This is a PHP prototype of the identity reconciliation engine. The full engine is encapsulated under the reconciliation_engine namespace. Two sample uses of the engine are provided in index.php
which provides a web api with the "q" url parameter and main.php
which uses a hard-coded name to search.
The engine requires PHP5, which should be installed by default. It also requires the php-curl module from the apt-get or yum repositories. Once downloaded, in the src/
directory, grab all the required packages using php composer:
curl -s http://getcomposer.org/installer | php
php composer.phar install --no-dev
The first line downloads and installs composer. The second installs the packages required for ElasticSearch. After these are completed, you can run the main test file with:
php main.php
Full API documentation is available here.
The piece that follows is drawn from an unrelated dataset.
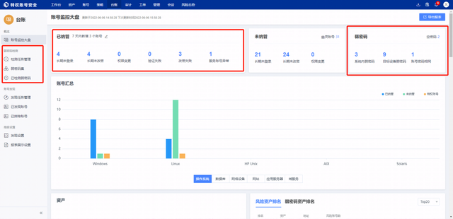 同时,因涉及到攻击者的最终利益,特权账号往往是攻击者瞄准的重点攻击目标。特权账号由于其分布广、数量多的特点造成特权账号梳理难,组织管理员无法全面的掌握特权账号动态情况。加上僵尸账号、幽灵账号、后门账号、弱口令账号、长期未改密账号等风险账号等广泛存在,且比较隐蔽,给系统资产带来很大的安全隐患。

Stages in the Reconciliation Engine that use Elastic Search require the following indices and types:
curl -XPUT "localhost:9200/_river/search_name/_meta" -d ' {
"type" : "jdbc",
"jdbc" : {
"url" : "jdbc:postgresql://localhost:5432/eaccpf",
"user" : "snac",
"password" : "snacsnac",
"sql" : "select n.id, n.cpf_id,c.ark_id,n.original,off.original as official from name n left join cpf c on c.id = n.cpf_id left join name off on c.name_id = off.id",
"index" : "snac",
"type" : "search_name",
"strategy" : "oneshot"
}
}'
curl -XPUT "localhost:9200/_river/name_and_rels/_meta" -d ' {
"type" : "jdbc",
"jdbc" : {
"url" : "jdbc:postgresql://localhost:5432/eaccpf",
"user" : "snac",
"password" : "snacsnac",
"sql" : "select n.id, n.cpf_id,c.ark_id,n.original,off.original as official, rel.num_relations from name n left join cpf c on c.id = n.cpf_id left join name off on c.name_id = off.id left join (select cpf_id1 as cpf_id, count(*) as num_relations from cpf_relations group by cpf_id1) rel on n.cpf_id = rel.cpf_id;",
"index" : "snac",
"type" : "name_and_rels",
"strategy" : "oneshot"
}
}'